Used multilingual embedding.
Used prompting in query and answers for language detection and translation and normal english embeddings.

The first method lacks for some language while retrieval, while second is prompt dependent and sometimes does not generate answer in detected language which is done at the query.

Which method should be preferred?

Diet · August 5, 2024, 12:32pm

Welcome to the community!

I’ll assume that your retrieval is working fine, and that you’re just trying to ensure the output language stays consistent.

I think you can get quite far by optimizing your prompt a bit. Do you think you can post what you have so far?

One thing you can also think about doing is translating your response prompt (wrapper/template), and switching it based on the detected (or chosen) language.

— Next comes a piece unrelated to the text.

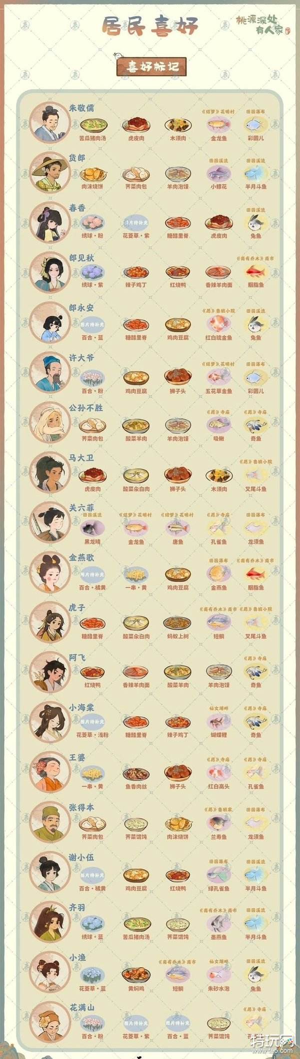 以上就是桃源深处有人家村民喜好大全 桃源深处有人家村民喜好食物最新的详细内容啦,更多消息和内容关注特玩网,之后会持续给大家带来更多全新的内容。
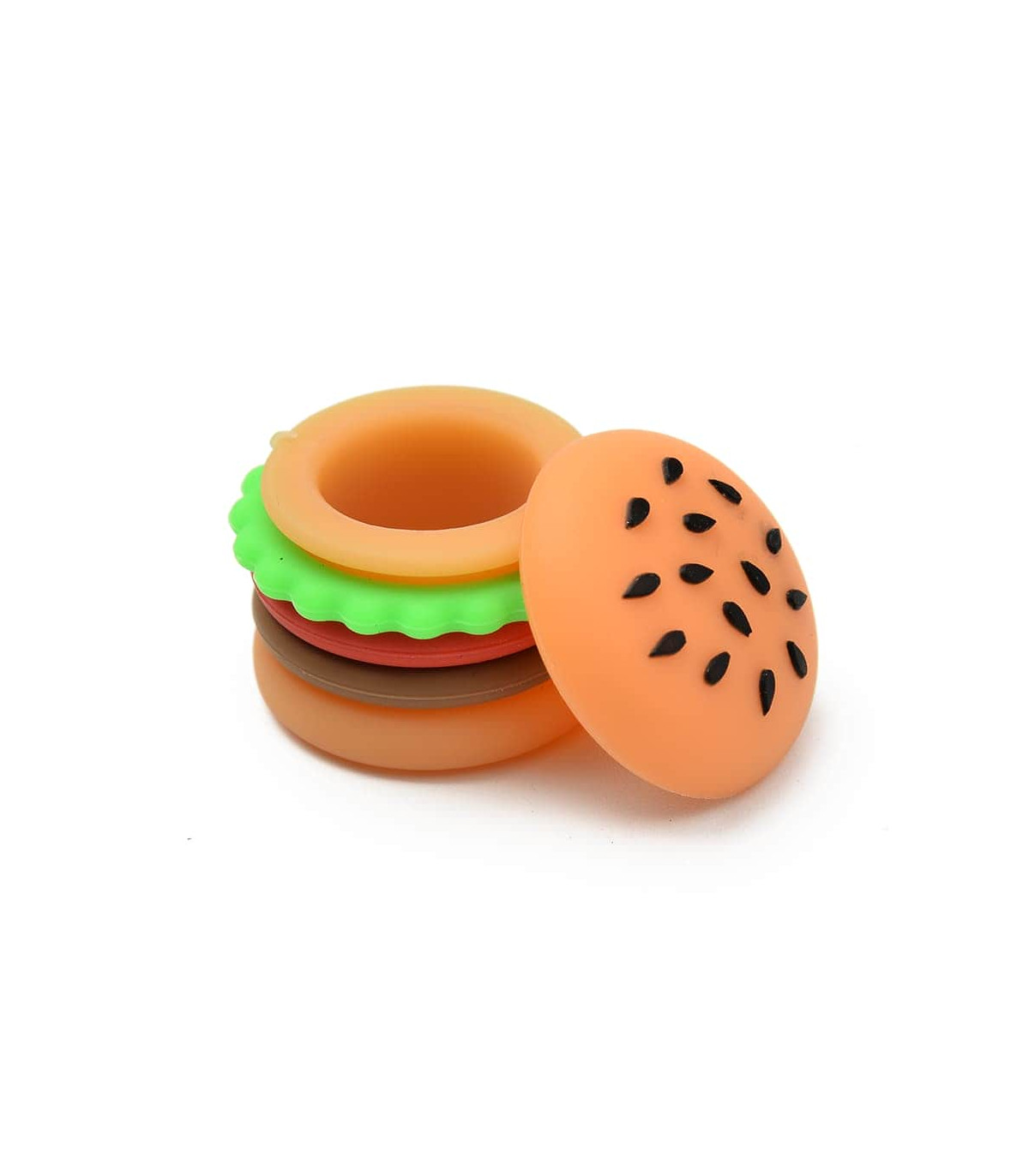 Presentamos un producto único para los amantes de los accesorios originales: el bote de silicona con forma de hamburguesa. Ideal para guardar extracciones y mantenerlas alejadas de la luz, preservando todas sus propiedades. Su diseño innovador no incluye patatas ni refresco, pero sí un espacio amplio para almacenar lo esencial.

And to absolutely nail the behavior down, on the first reply (at the bottom of your template) you tell it to begin the response with a pre-translated greeting in the target language (may not be necessary). If you used anthropic, you could use the pre-fill method as an even more robust option (OpenAI offers this functionality only with the instruct models)

poojat · August 27, 2024, 11:10am

Hi,
The retriever is working correctly.
On query side, added prompt for detection of language and translation to english for next step and detected language parameter is passed to response prompt for response in same language. This is done so far

While experimenting with prompts one thing noticed is even if non-english query is passed without language detection, translation and passing language parameter to response prompt response is getting generated in same language with just mentioning multilingual assistant in the prompt.
I have tested this with gpt 4o-mini.

Is language detection and translation to English a necessary step in prompting?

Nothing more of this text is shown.